Please give back the listing exactly, without any of its pictures.

Given data:
------------------------------------
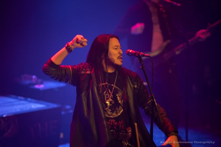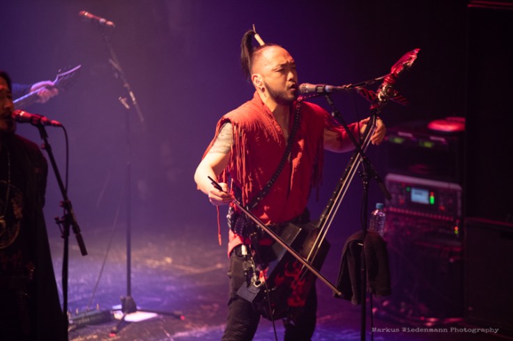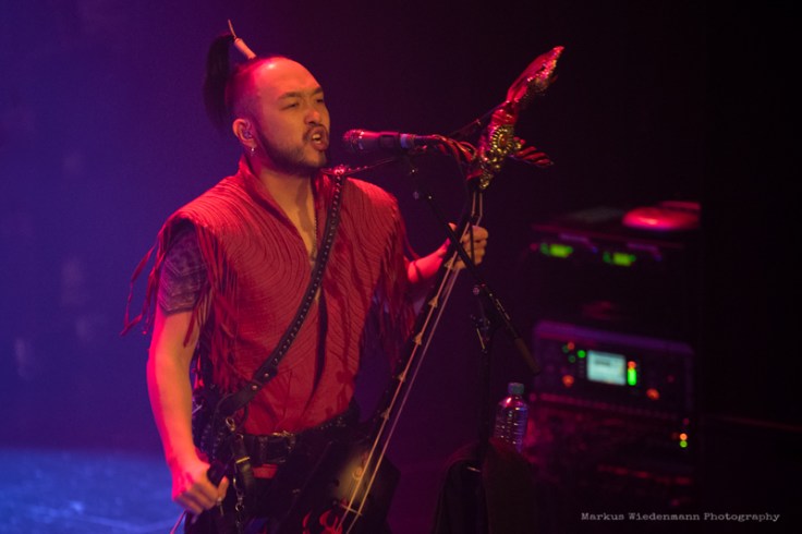 With having released an album recently, the band is on the road since a few months, including a stop at Melkweg in Amsterdam. A sold-out concert shows clearly the curiosity about band and their music. As on the album also the live show is different from what you’re used to as a metalhead, still it’s a great crossover experience that stretches the borders of Heavy Metal. And instead of having only a crowd dressed in black leather and denim there was a bigger Mongolian supports group watching the show too, guys that were really excited, while taking a lot of selfies and group photos.
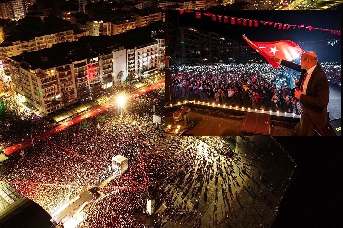 İzmir’de Cumhuriyet'in kuruluşunun 98. yılı gece de büyük coşkuyla kutlandı. On binlerce İzmirlinin katıldığı kortejde 350 metrelik Türk bayrağı taşındı, fener alayının ardından sevilen sanatçı Sıla sahne aldı. İzmir Büyükşehir Belediye Başkanı Tunç Soyer, Gündoğdu Meydanı’nı dolduran İzmirliye “Kurtuluşun ve kuruluşun şehri İzmir, Cumhuriyet'in ikinci yüzyılında da bütün Türkiye’ye ışık tutacak. Türkiye’nin her yerinde çiçekler açacak. Hepinizi çok seviyorum, bayramımız kutlu olsun” diye seslendi.
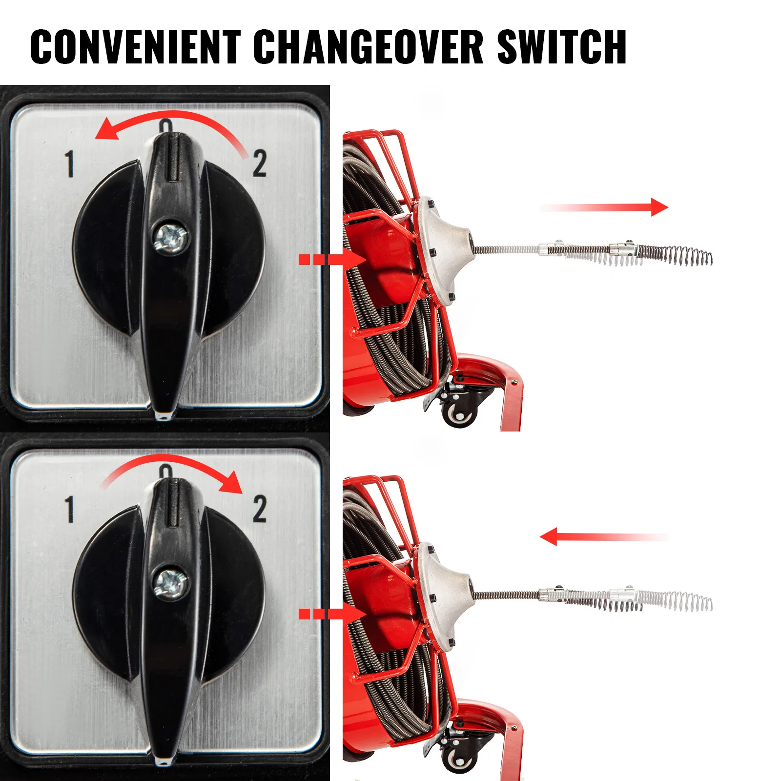 The drain cleaning tool has a changeover switch by which you can change the direction of the cable's move so that it is very easy for you to stretch the cable out or shrink it back.
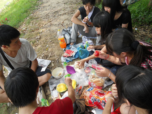 激烈的“定向越野”过后,便是大家十分期待的午餐环节。虽然大家在寻宝过程中跑得精疲力尽,但丰盛的午餐却让大家精神了起来。各个小组都精心准备了“特色”午餐,M记、爱心三文治、外卖、零食、饮料、水果等等,大家不仅获得视觉上的享受,也感受了一次“舌尖上的野外”!大家围坐成圈,边吃着丰盛的午餐,边讨论着刚才寻宝时发生的趣味事,不时传出一阵阵笑声。在整个午餐过程中,港人的欢声笑语不断,洋溢着夏日的欢乐气息。
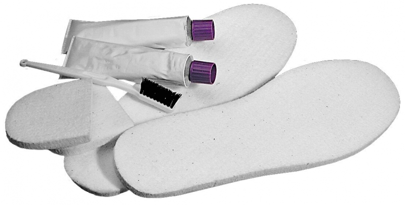 Der Filz saugt viel Klebstoff auf, daher sollten Sie zweimal Klebstoff auftragen, damit die Sohlen gut mit dem Stiefel verbunden werden. Die Stiefelseite braucht nur eine Schicht Kleber. Verwenden Sie das Schleifpapier, um alten Filz und Kleber zu entfernen, bevor Sie die neuen Sohlen auftragen. Verwenden Sie das lose Absatzstück bei Stiefeln mit einem aufgebauten Absatz.
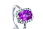 Celebrate the most inspiring stories of passion, life and victories with a ‘Radiant Orchid’ elegant vintage design ring with a vibrant purplish-pink Sapphire or a Blush Pink Sapphire Ring in 18ct white gold with pink sapphires & diamonds. The shades of sapphire reflect the floral universe and its plenitude of colours.
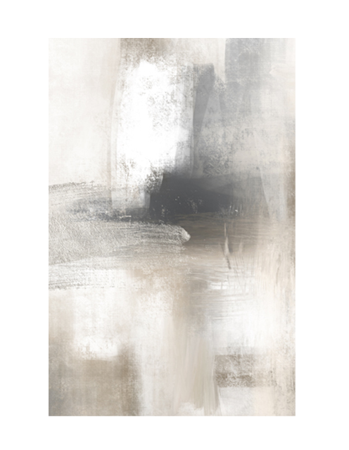 A photograph of an abstract painting featuring dusky grey and natural tones, brought to life with a splash of sliver paint. The detail on this beautiful wall art print close up really shows the brushstrokes from the paintbrush which bring the design to life. Create your own art gallery at home with our abstract wall prints.
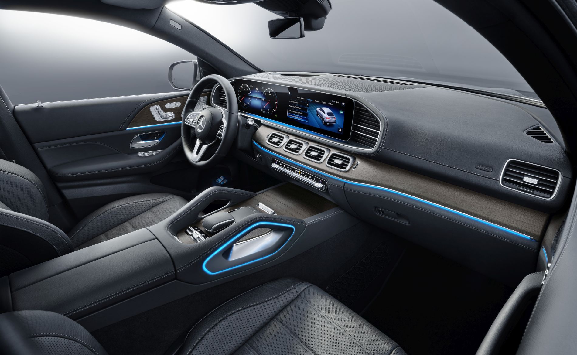 A bordo, o GLE Coupé partilha várias características com outros modelos na nova família SUV Premium. Em destaque evidente está o conjunto de dois ecrãs largos de 12.3 polegadas (31,2 cm), que dão abrigo ao painel de instrumentos e ao sistema MBUX de infoentretenimento, que volta a apostar na interactividade com o condutor graças a comandos por voz, por exemplo. A superfície superior no GLE Coupé é revestida de série em pele sintética ARTICO. O foco na desportividade é proporcionado pelos bancos desportivos de série, com maior apoio lateral e revestimento em pele ARTICO, e o novo volante desportivo revestido em pele Comfort, que é também equipado de série no coupé. Mas, para não se esquecer que é um SUV, tal como no GLE, o Coupé apresenta pegas auxiliares na consola central.
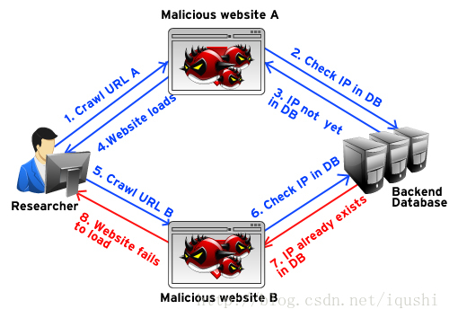 假设安全厂商和研究人员有和特定攻击相关的网站列表。他们会连上一个网站(手动或使用自动化工具),但攻击者会在自己的后端资料库记录此特定IP地址已经连过与此攻击相 关的网站,如果安全厂商和研究人员想要连到资料库内的其他网站,那将无法成功存取恶意内容。
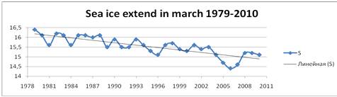 Зимой 2010 года площадь ледяного покрова Северного Ледовитого океана оставалась близкой к площади ледяного покрова прошлого года, в марте же достигла максимума своего развития 15,1 млн.км2.
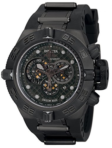 -. Feature : Sporty and durable yet with high-end technology, this Invicta Subaqua timepiece is perfect for negotiating any adventure--at sea or on land. / Swiss Quartz movement with analog display / Protective Flame Fusion crystal dial window / Features chronograph sub-dials, unidirectional outer bezel, tachymeter scale on inner bezel, screw-down pushers and crown, black ion-plated stainless steel case, and luminous hands / Water-resistant to 500 m (1,640 feet)
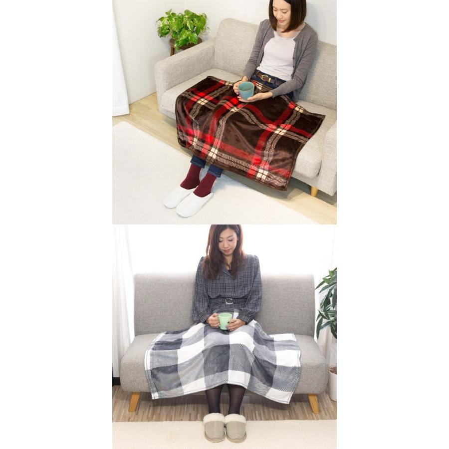 送料無料 電気毛布 電気ひざ掛け毛布 ふっくら柔らかい暖かさ ひざかけ 国際ブランド ブランケット 膝掛け 洗える グレー 灰色チェック柄 ダニ退治
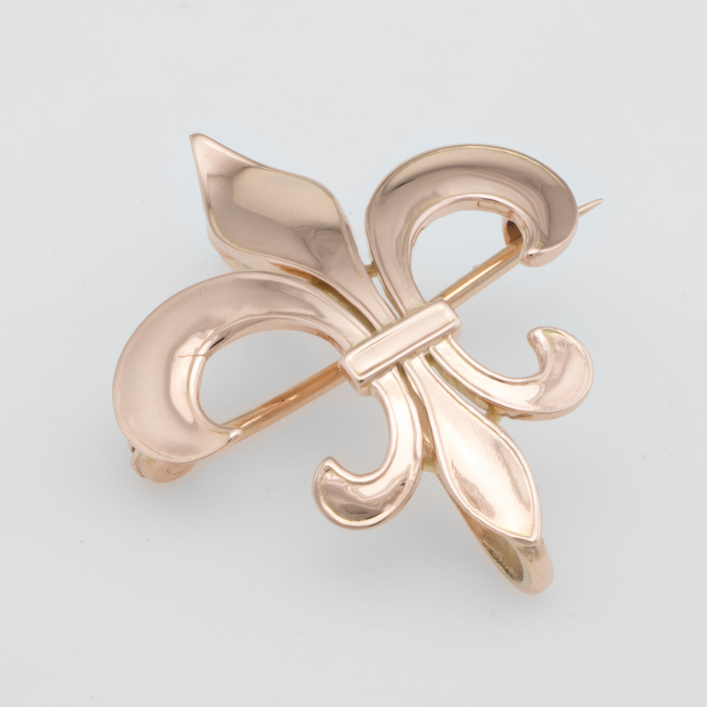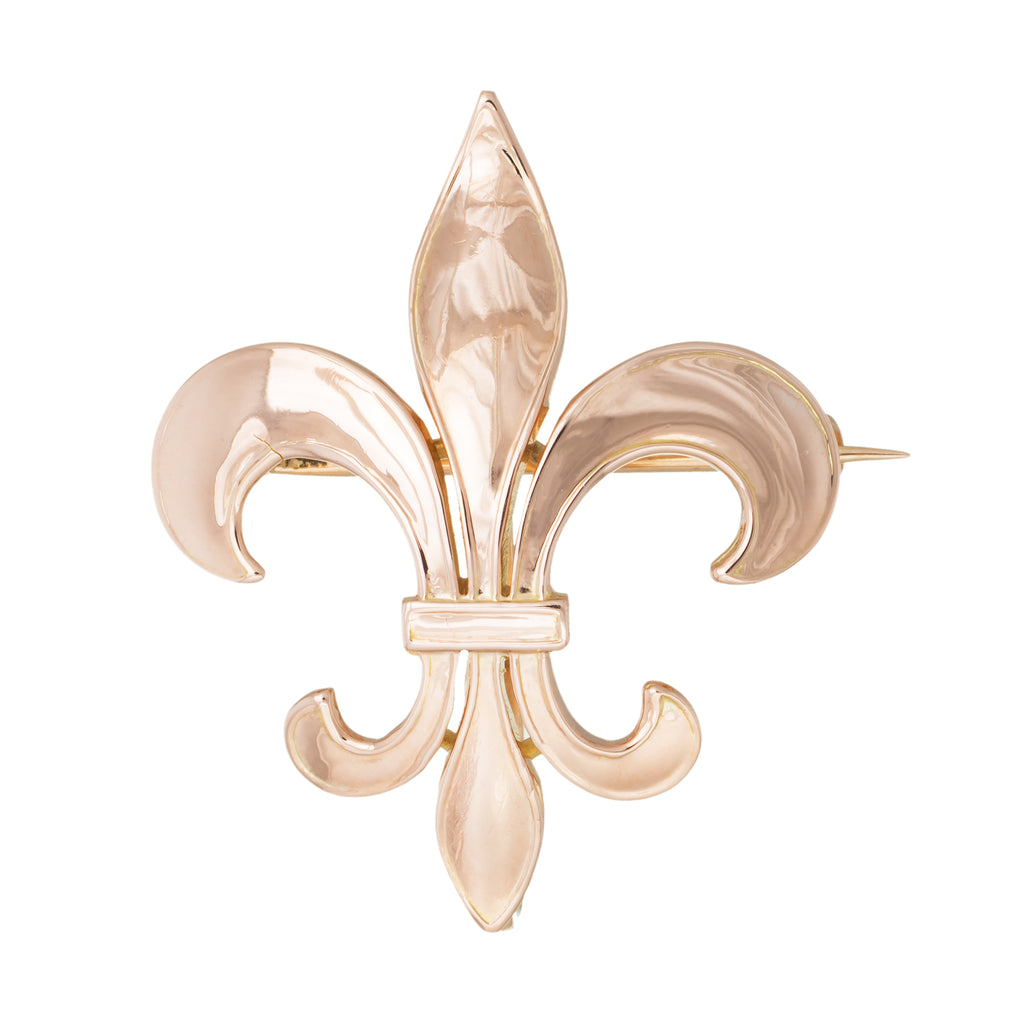 Finely detailed vintage Fleur de Lis brooch, crafted in 14 karat rose gold.
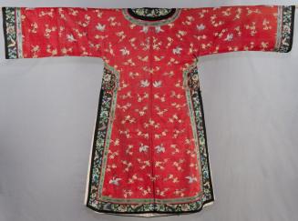DescriptionA red silk robe with a scattered design of cranes and plum blossoms. The garment has a black silk border with peonies and butterflies, flanked with a green silk ribbon figured with butterflies and flower motifs, which is repeated on the collar and cuffs.The robe opens at the right proper front and is fastened at the neck and side with three round metal buttons and fabric loops. The garment is lined with ivory silk.Colour: Red, white, green, blue, purple, yellow, black
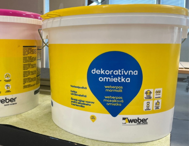 - weberpas silikónová omietka – certifikovaná rada najvyššej kvality, ktorá je vysoko hydrofóbna, má vynikajúcu paropriepustnosť a samočistiaci efekt. Je certifikovaná ako systémový komponent zatepľovacích systémoch ETICS (External Thermal Insulation Composite System).
------------------------------------
Written answer:
 With having released an album recently, the band is on the road since a few months, including a stop at Melkweg in Amsterdam. A sold-out concert shows clearly the curiosity about band and their music. As on the album also the live show is different from what you’re used to as a metalhead, still it’s a great crossover experience that stretches the borders of Heavy Metal. And instead of having only a crowd dressed in black leather and denim there was a bigger Mongolian supports group watching the show too, guys that were really excited, while taking a lot of selfies and group photos.
 İzmir’de Cumhuriyet'in kuruluşunun 98. yılı gece de büyük coşkuyla kutlandı. On binlerce İzmirlinin katıldığı kortejde 350 metrelik Türk bayrağı taşındı, fener alayının ardından sevilen sanatçı Sıla sahne aldı. İzmir Büyükşehir Belediye Başkanı Tunç Soyer, Gündoğdu Meydanı’nı dolduran İzmirliye “Kurtuluşun ve kuruluşun şehri İzmir, Cumhuriyet'in ikinci yüzyılında da bütün Türkiye’ye ışık tutacak. Türkiye’nin her yerinde çiçekler açacak. Hepinizi çok seviyorum, bayramımız kutlu olsun” diye seslendi.
 The drain cleaning tool has a changeover switch by which you can change the direction of the cable's move so that it is very easy for you to stretch the cable out or shrink it back.
 激烈的“定向越野”过后,便是大家十分期待的午餐环节。虽然大家在寻宝过程中跑得精疲力尽,但丰盛的午餐却让大家精神了起来。各个小组都精心准备了“特色”午餐,M记、爱心三文治、外卖、零食、饮料、水果等等,大家不仅获得视觉上的享受,也感受了一次“舌尖上的野外”!大家围坐成圈,边吃着丰盛的午餐,边讨论着刚才寻宝时发生的趣味事,不时传出一阵阵笑声。在整个午餐过程中,港人的欢声笑语不断,洋溢着夏日的欢乐气息。
 Der Filz saugt viel Klebstoff auf, daher sollten Sie zweimal Klebstoff auftragen, damit die Sohlen gut mit dem Stiefel verbunden werden. Die Stiefelseite braucht nur eine Schicht Kleber. Verwenden Sie das Schleifpapier, um alten Filz und Kleber zu entfernen, bevor Sie die neuen Sohlen auftragen. Verwenden Sie das lose Absatzstück bei Stiefeln mit einem aufgebauten Absatz.
 Celebrate the most inspiring stories of passion, life and victories with a ‘Radiant Orchid’ elegant vintage design ring with a vibrant purplish-pink Sapphire or a Blush Pink Sapphire Ring in 18ct white gold with pink sapphires & diamonds. The shades of sapphire reflect the floral universe and its plenitude of colours.
 A photograph of an abstract painting featuring dusky grey and natural tones, brought to life with a splash of sliver paint. The detail on this beautiful wall art print close up really shows the brushstrokes from the paintbrush which bring the design to life. Create your own art gallery at home with our abstract wall prints.
 A bordo, o GLE Coupé partilha várias características com outros modelos na nova família SUV Premium. Em destaque evidente está o conjunto de dois ecrãs largos de 12.3 polegadas (31,2 cm), que dão abrigo ao painel de instrumentos e ao sistema MBUX de infoentretenimento, que volta a apostar na interactividade com o condutor graças a comandos por voz, por exemplo. A superfície superior no GLE Coupé é revestida de série em pele sintética ARTICO. O foco na desportividade é proporcionado pelos bancos desportivos de série, com maior apoio lateral e revestimento em pele ARTICO, e o novo volante desportivo revestido em pele Comfort, que é também equipado de série no coupé. Mas, para não se esquecer que é um SUV, tal como no GLE, o Coupé apresenta pegas auxiliares na consola central.
 假设安全厂商和研究人员有和特定攻击相关的网站列表。他们会连上一个网站(手动或使用自动化工具),但攻击者会在自己的后端资料库记录此特定IP地址已经连过与此攻击相 关的网站,如果安全厂商和研究人员想要连到资料库内的其他网站,那将无法成功存取恶意内容。
 Зимой 2010 года площадь ледяного покрова Северного Ледовитого океана оставалась близкой к площади ледяного покрова прошлого года, в марте же достигла максимума своего развития 15,1 млн.км2.
 -. Feature : Sporty and durable yet with high-end technology, this Invicta Subaqua timepiece is perfect for negotiating any adventure--at sea or on land. / Swiss Quartz movement with analog display / Protective Flame Fusion crystal dial window / Features chronograph sub-dials, unidirectional outer bezel, tachymeter scale on inner bezel, screw-down pushers and crown, black ion-plated stainless steel case, and luminous hands / Water-resistant to 500 m (1,640 feet)
 送料無料 電気毛布 電気ひざ掛け毛布 ふっくら柔らかい暖かさ ひざかけ 国際ブランド ブランケット 膝掛け 洗える グレー 灰色チェック柄 ダニ退治
 Finely detailed vintage Fleur de Lis brooch, crafted in 14 karat rose gold.
DescriptionA red silk robe with a scattered design of cranes and plum blossoms. The garment has a black silk border with peonies and butterflies, flanked with a green silk ribbon figured with butterflies and flower motifs, which is repeated on the collar and cuffs.The robe opens at the right proper front and is fastened at the neck and side with three round metal buttons and fabric loops. The garment is lined with ivory silk.Colour: Red, white, green, blue, purple, yellow, black
 - weberpas silikónová omietka – certifikovaná rada najvyššej kvality, ktorá je vysoko hydrofóbna, má vynikajúcu paropriepustnosť a samočistiaci efekt. Je certifikovaná ako systémový komponent zatepľovacích systémoch ETICS (External Thermal Insulation Composite System).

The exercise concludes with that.